I'm an American interviewing with several companies based in Berlin. These are small Internet companies with fewer than 100 employees. In both cases, the first Skype interview has (seemingly) gone well and I've followed up via email to thank them for the opportunity and reiterate my interest. However, I have not received anything in return after 10+ days. Is this typical? Does silence on their end indicate a lack of interest in proceeding any further? Or should I continue to follow up until I receive an explicit reply, as is typical in the U.S. (in my experience)? You can reach me at interviewing@fastmail.fm if necessary. Thanks!
posted by anonymous to Human Relations (6 answers total) 2 users marked this as a favorite
 
I would follow up. I can't see following up hurting anyone.
posted by oceanjesse at 9:31 AM on March 12, 2013


I would wait - everything moves slower in Germany, so the timescale would be months, not weeks. From personal experience in Berlin, it can take weeks to get any kind of response for each stage of the process, although with newer, smaller companies it can be very fast.

Having said that, if they didn't tell you when to expect a response, you could ask about that.
posted by DamPots at 9:44 AM on March 12, 2013


I don't know if this is explicitly German, because I have sent thank-you emails and not heard back for a while. Hiring is slow.
posted by radioamy at 10:56 AM on March 12, 2013


However, I have not received anything in return after 10+ days. Is this typical?

Yes. German companies are usually good about sending you a rejection letter if they decide to not hire you, so you at least will know once they've made their decision.

Does silence on their end indicate a lack of interest in proceeding any further?

Not necessarily. German companies take a long time to process their applicant queues. And like I said, if they don't want you and they're not completely incompetent, they'll tell you.

It won't hurt to politely ask when you might expect them to make a decision, but certainly don't go hounding them, unless you don't really want the job after all.
posted by cmonkey at 11:07 AM on March 12, 2013


No need to follow up with more than the one thank you letter you have already sent (unless you get an offer from a competitor). German companies have a much slower view of all communication, especially email, than American and a completely different way of letting you know about decisions. They will contact you with their answer when they make it.

Two points to remember:
- They are not being rude (lack of small talk or, in the case, a response "nice to meet you too" email), they just will not contact you until they have everything they need to say arranged (ie the whole offer or turning you down)

- Germans are punctual (the meeting will start and end on time, you are expected to take your lunch at the appropriate times - do not work through them), but they are not prompt (a simple email can take 3-4 weeks to get a response and a letter 4-6 weeks)
posted by mutt.cyberspace at 12:57 PM on March 12, 2013 [1 favorite]

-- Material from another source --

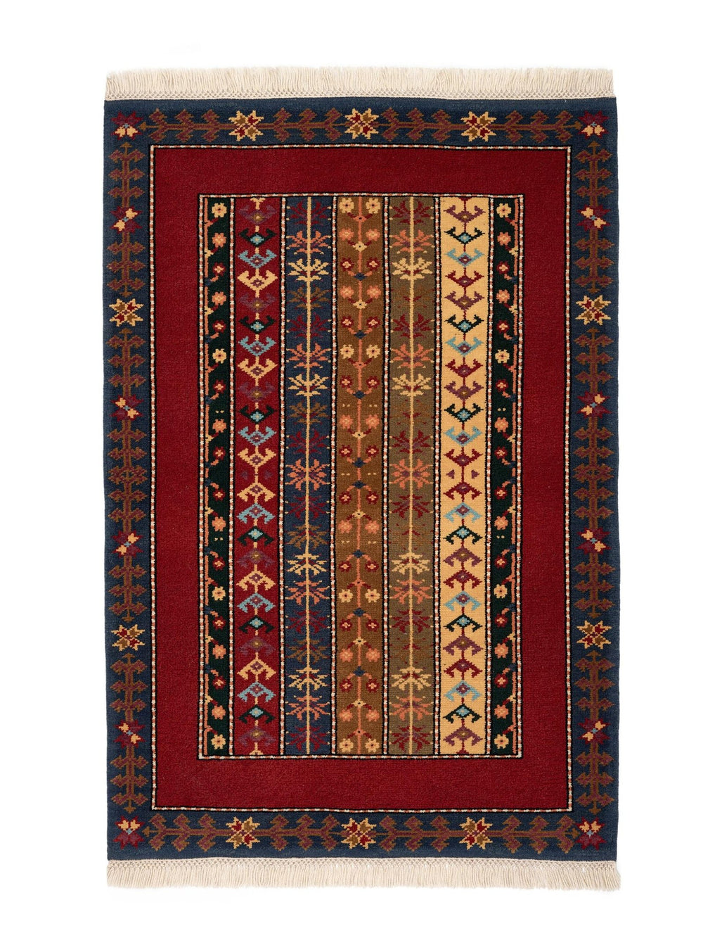 Halı, %100 yün ve pamuk karışımından üretilmiştir. Bu özel materyal, halının hem sıcak tutma hem de nefes alma özelliklerini en üst düzeye çıkarır. Yüksek hav yüksekliği (6-12 mm) sayesinde, adım attığınızda yumuşak bir his verirken, zamanla deforme olmadan uzun yıllar boyunca kullanılabilme garantisi sunar. Ayrıca, dokuma sıklığı 28-35 ile dikkat çekmektedir; bu da halının dayanıklılığını artırırken, uzun süreli kullanımlarda bile estetik görünümünü korumasına yardımcı olur. Her bir dikişi özenle işlenmiş düz saçaklar, halının zarif bir tamamlayıcısı olarak, ona klasik bir hava katmaktadır.
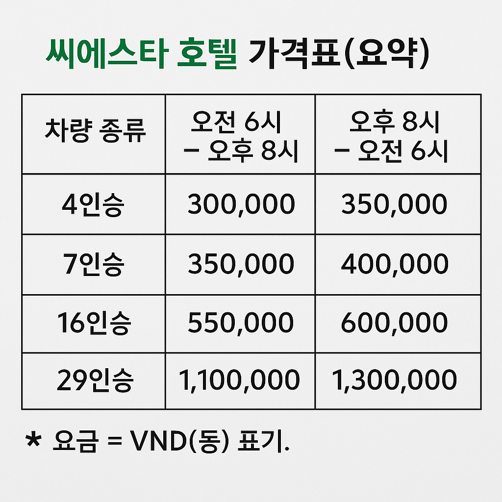 💸 씨에스타 호텔 공항픽업 요금표

Anecdata: I recently applied for a position in Berlin (at a large multinational) and had a phone interview with the recruiter. On the phone she said it would be about 3-4 weeks until I knew if I would be moving forward in the process. I finally heard back two months later saying they went with an internal candidate (and I thought the 3-4 week estimate was a long time!). Speaking with German friends, this is apparently quite normal.